Data entries:
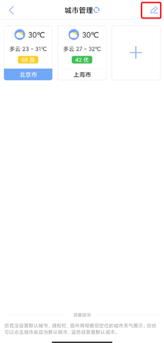 2、进入城市管理页面后,点击右上角的编辑按钮;
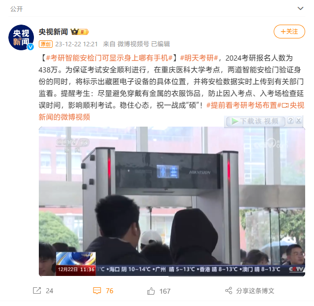明天(12月23日),2024年全國碩士研究生招生考試將正式開考。據(jù)央視新聞,今年多個省份在考研須知中明確表示,考生入場時將新增智能安全門檢 ...
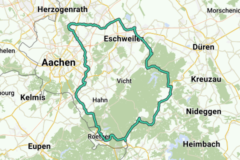 Rijd je benen los en geniet van het landschap in Eschweiler. Maak gebruik van het openbaar vervoer om deze route te bereiken. Hou je van een stevige helling? Dan is deze route zeker jouw ding. Geniet tijdens deze route van de geur van bomen. Regenweer? Oliejekker aan en stop je laarzen in je fietstas. Heerlijk dagje bos (Slag om het Hürtgenwald). Weinig toe te voegen aan deze uitstekende route.
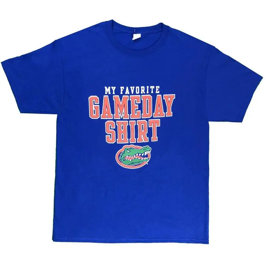 Support your school on game day by wearing a Florida Gators T-Shirt! This t-shirt features the school colors, the school logo, and a “My Favorite Gameday Shirt” headline. You can pair this shirt with other Florida Gators apparel and accessories to complete your game day outfit. Bring school spirit wherever you go while wearing this t-shirt! Review size chart for additional sizing information.
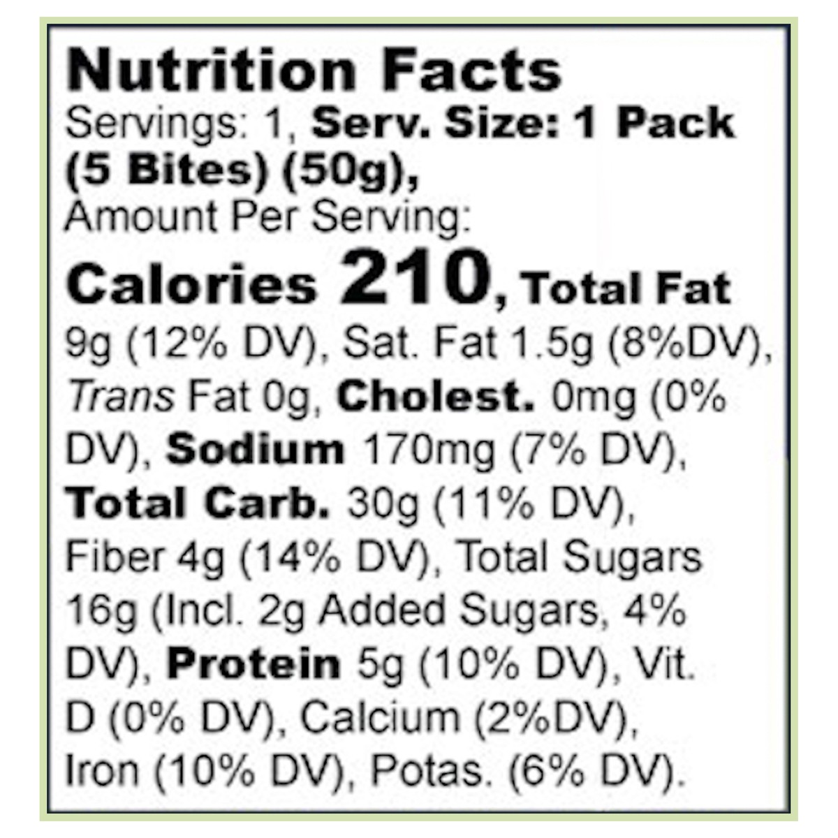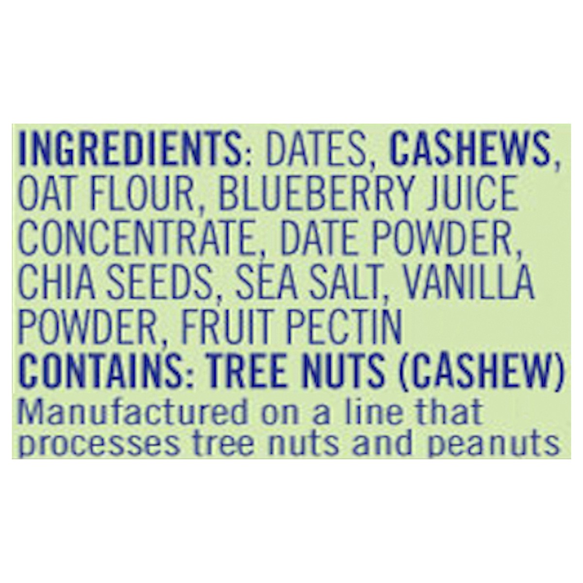 Dates, Cashews, Oat Flour, Blueberry Juice Concentrate, Date Powder, Chia Seeds, Sea Salt, Vanilla Powder, Fruit Pectin.

__Exercise description__:
Write the data above out again exactly, minus its pictures.

__Your response__:
 2、进入城市管理页面后,点击右上角的编辑按钮;
明天(12月23日),2024年全國碩士研究生招生考試將正式開考。據(jù)央視新聞,今年多個省份在考研須知中明確表示,考生入場時將新增智能安全門檢 ...
 Rijd je benen los en geniet van het landschap in Eschweiler. Maak gebruik van het openbaar vervoer om deze route te bereiken. Hou je van een stevige helling? Dan is deze route zeker jouw ding. Geniet tijdens deze route van de geur van bomen. Regenweer? Oliejekker aan en stop je laarzen in je fietstas. Heerlijk dagje bos (Slag om het Hürtgenwald). Weinig toe te voegen aan deze uitstekende route.
 Support your school on game day by wearing a Florida Gators T-Shirt! This t-shirt features the school colors, the school logo, and a “My Favorite Gameday Shirt” headline. You can pair this shirt with other Florida Gators apparel and accessories to complete your game day outfit. Bring school spirit wherever you go while wearing this t-shirt! Review size chart for additional sizing information.
 Dates, Cashews, Oat Flour, Blueberry Juice Concentrate, Date Powder, Chia Seeds, Sea Salt, Vanilla Powder, Fruit Pectin.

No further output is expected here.